INDUSTRY UPDATE 1031 EXCHANGES
Using Tenancy-in-Common Interests
By Cecily A. Drucker, Esq.
Since the issuance of IRS Revenue Procedure 2002-22, the use of tenant-in-common interest as a vehicle for tax-deferred, 1031 exchange has grown in popularity. This procedure now makes it possible for co-owners of investment TIC Investment to separately exchange their tenant-in-common (TIC) interests investment properties.
In general, TIC co-owners of rental real estate cannot individually consummate an exchange since for tax purposes these co-owners are treated as partners and the partnership is the "taxpayer" that owns the rental real estate. Only when all the TIC owners sell their TIC interests collectively to one buyer will the owners qualify for a tax-deferred exchange. In Rev. Proc. 2002-22, however, the IRS has provided an opportunity for TIC co-owners of rental real estate who structure their co-ownership in accordance with the requirements of the Rev. Proc. to obtain an IRS ruling that they are not a tax partnership.

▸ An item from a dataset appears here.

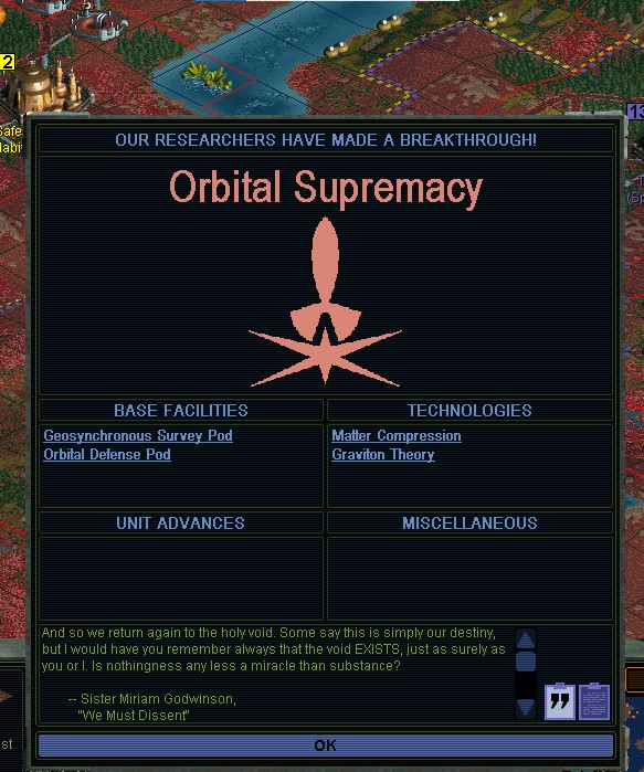 I mean, if I really wanted this game over, it should be over.  There are all kinds of ways I could win now.  I will keep up the vacuolizing stuff, but let's face it, Miriam's Planet Buster capability is a nominal threat.  I think if I were going to play this style of game over again, I'd focus less on the happiness of my own citizens.  That just causes them to grow, which tends to become its own end.  Leading to Diplomatic Victory, because let's face it, I've got massive votes.  Why should I keep playing when I've actually won?  Whatever excuse is devised for that, it resembles sandboxing.  And more to the point, why should I keep playing when I've been at this since August 20th?  That was 2 weeks ago.
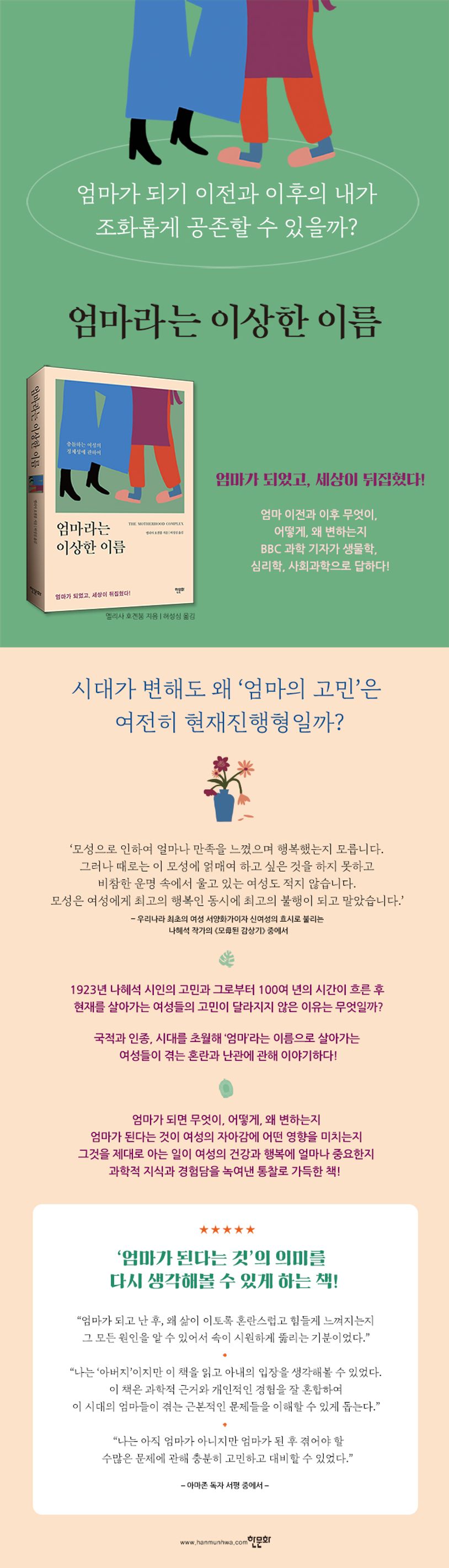 배변 훈련, 수면 훈련, 육아의 기술 등 아기를 위해 날마다 해야 하는 여러 가지 결정에 관한 관심은 뜨거워도 ‘여성’이 ‘엄마’가 되면서 경험하는 온갖 극적인 변화와 이런 변화를 어떻게 고찰하고 대처해야 하는지에 대한 관심은 좀처럼 찾아보기 힘들다. 이 책에서는 그동안 당연하게 생각해왔던 사회구조적 모순, 여성의 신체적·정신적 변화에 대한 편견과 고정관념, 남성중심적 문화로 인한 불평등, 직장으로 복귀하면서 겪는 차별, 육아 분담 문제 등 엄마의 삶 곳곳에 존재하는 난관들을 객관적이고 날카로운 시선으로 분석한다. 또한 엄마라는 새로운 정체성과 그것이 여성들에게 어떤 의미인지에 관한 과학적 연구 결과와 저자의 내적인 경험을 결합한 통찰을 보여주며 모성이 인간관계와 사회적 자아에 미치는 영향까지 폭넓게 담고 있다. 이를 통해 여성들의 삶, 더 나아가서는 사회가 좀 더 나은 방향으로 나아가기 위한 방법을 찾아간다.

If co-owners obtain such a ruling, each TIC owner will be able to both acquire and dispose of their respective TIC interests in rental real estate through a tax-deferred 1031 exchange. There are basically 15 conditions that the Rev. Proc imposes as a prerequisite to obtaining a favorable ruling. Here are three of the most critical to TIC owners.
Owners must be tenants in common under the local law of the jurisdiction where the property is located.
Due to the fact that many lenders now require that a real estate borrower be a special-purpose entity (SPE), the ownership vehicle of choice for each separate TIC co-owner in a TIC investment is a single-asset, single member limited liability company (SASMLLC).